Of course, I wouldn't want to be the one to try to design such a beast.

Greg Pfister said...

Who am I to argue with someone involved in the "Tokyo Society for the Application of Currying"! I used to teach a course in Lambda Calculus when I was an Instructor at MIT back (way back) in the day. MIT EECS has always been goofy for Lisp & Lambda Calculus. When they weren't doing Dataflow, that is.

Frans Charming said...

Thanks for the review.

Btw, I think your issue with Assassins Creed II is likely a issue of the game. A lot of games nowadays are designed for consoles first and then are ported to the PC, often still using the console iconography. You would have to look in the options/key binding menu to see what those are. Depending if those are available on onLive.

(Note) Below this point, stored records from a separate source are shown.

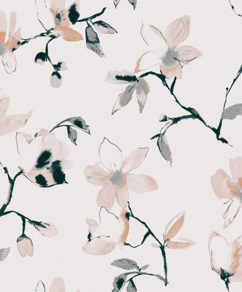 Diese schöne Tapete mit Blumen in Beige sorgt in jedem Wohnraum für eine warme, romantische Atmosphäre. Sie versprüht sogar einen Hauch Nostalgie und lässt an vergangene Zeiten erinnern.
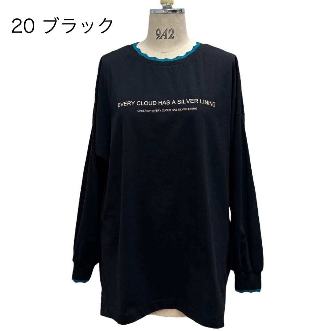 【ayane】アヤン 816308 襟ぐりニットロゴロンT レディーストップス ブランド Tシャツ 長袖 カットソー 異素材
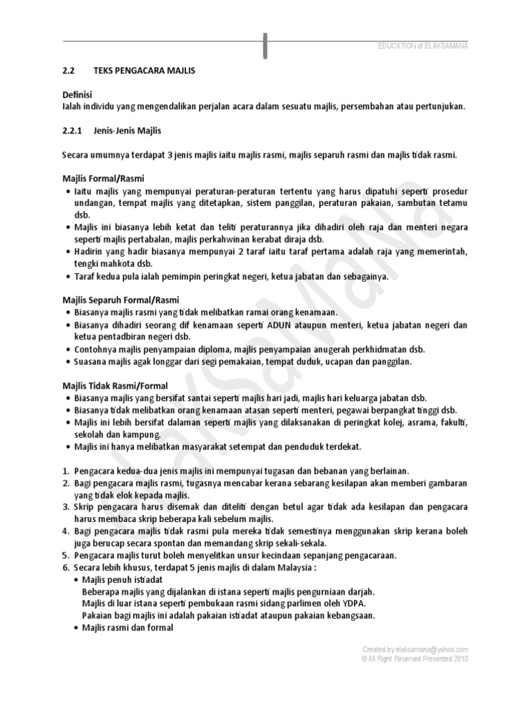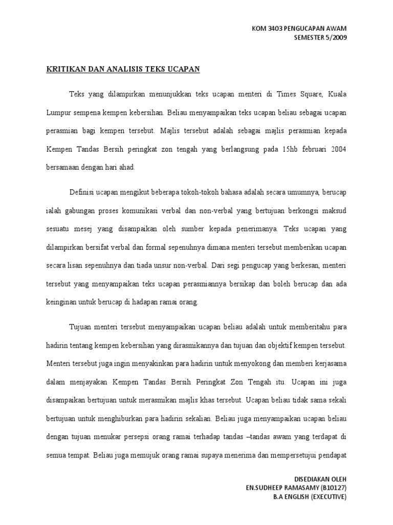 Mc atau master of ceremony selalu menjadi pemandu jalannya acara dari awal hingga akhir. Teks ucapan majlis penetapan target. Namun, kamu harus memahami terlebih dahulu apa itu teks nonfiksi. Selamat pagi/ salam sejahtera untuk kita semua. Sebenarnya teks editorial ini tidak memiliki struktur yang pasti karena pada faktanya teks editorial yang bisa cenderung di tulis dalam bahasa formal sebagai penjelasannya, dan bisa juga non formal dalam lantas darimana datangnya opini? Description flag for inappropriate content. Tidak mengandung prasangka/dugaan/pemihakan yang menyimpang atau tidak tepat. Dalam opini tersebut harus didasari dengan argumen disertai fakta yang mendukung. Informasi teks merupakan hasil penelitian terkini yang sudah terbukti kebenarannya. Mudah digunakan perisian teks ke ucapan dan ucapan ke teks yang menggunakan pengecaman teks berguna untuk ucapan dan ucapan ke teks. B) ucapan tidak rasmimerupakan ucapan yang disampaikan secarabebas tanpa terikat kepada sebarang prosedur.ucapan jenis ini menggunakan bahasa yangmudah , ringkas dan terus kepada maksud,misalnya ucapan dalam majlis hari jadi atau ulangtahun teks pengacara majlis formal. 0%0% found this document useful, mark this document as useful. Teks prosedur kompleks merupakan suatu teks yang menjelaskan bagaimana suatu proses berlangsung yang meliputi proses pengerjaan, proses pengoperasian, proses pembuatan yang sistematis dan tersusun rapi.
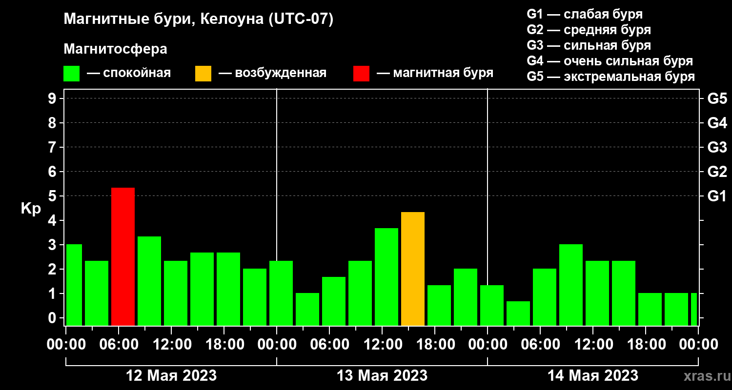 Магнитные бури в Келоуне — 14 мая 2023 года
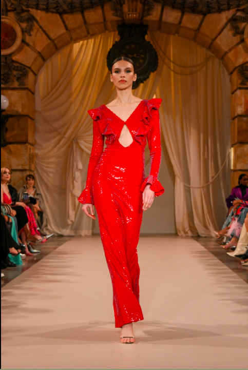 Bonaldi’s haute moment exuded modern day Hollywood, and gave us a fresh look at her beautifully crafted party-wear. Her designs, which were handmade by the best artisans of Brazil’s embroidery capital, included everything from embellished rhinestone gowns to strategically adorned velvet suits rich and lavish in brilliant colors. PatBo embellished on every fabric you can think of including sheer, velvet, silk and denim.
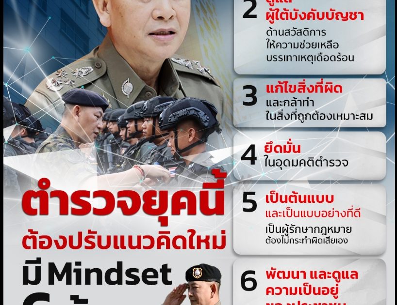 พล.ต.อ.กิตติ์รัฐ พันธุ์เพ็ชร์ ผู้บัญชาการตำรวจแห่งชาติ ( ผบ.ตร. ) กำชับในการประชุมบริหารสำนักงานตำรวจแห่งชาติ เมื่อสัปดาห์ที่ผ่านมา เน้นย้ำการปรับแนวความคิด โดยตำรวจต้องมี Mindset 6 ด้าน
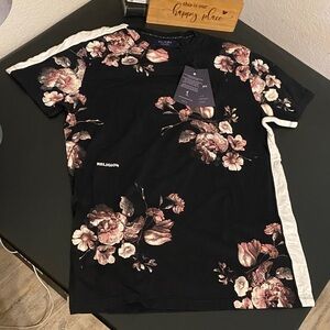 Stylish black t-shirt with floral design and white accents. Perfect for casual wear. This is a super nice and well made shirt and I can tell it’s gonna fit someone perfect. It’s definitely a snug slim fit I would say. The chest is around 19.5-20” and it’s a men’s medium new with tags never worn.
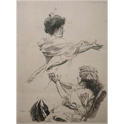 Eau-Forte d'Albert Besnard, Etude pour "L'Ile Heureuse" (panneau du musee des Arts Decoratifs). Written in pencil: "Epreuve originale." Raised seal on lower left reads: "Societe des amis du Louvre." Albert Besnard (1849-1934)was a French painter and printer known for his studies of women. He was an admirer of the simplicity of Japanese printmaking which influenced his work. He received importan commissions including a panneau for the Musee des Arts Decoratifs for which this study was made. Overall toning, four horizontal fold marks. Additional photos available upon request. Please send us an email with your state, country and zip code so we can estimate shipping charges to your location.

Did you check for those? I wonder what would happen if you changed the screen ratio, or some other graphics settings.

I really hope Second Life will use technology like this, it will higher end graphics available to more.

Earlier today, it was mentioned in a meeting with SL devs, that 60% of it's users only have basic Intel motherboard graphics. Showing clearly that people with interest in SL are not hardcore gamers with corresponding hardcore machines. They could benefit greatly from tech like this, if it was cheap enough and/or is included in a premium account.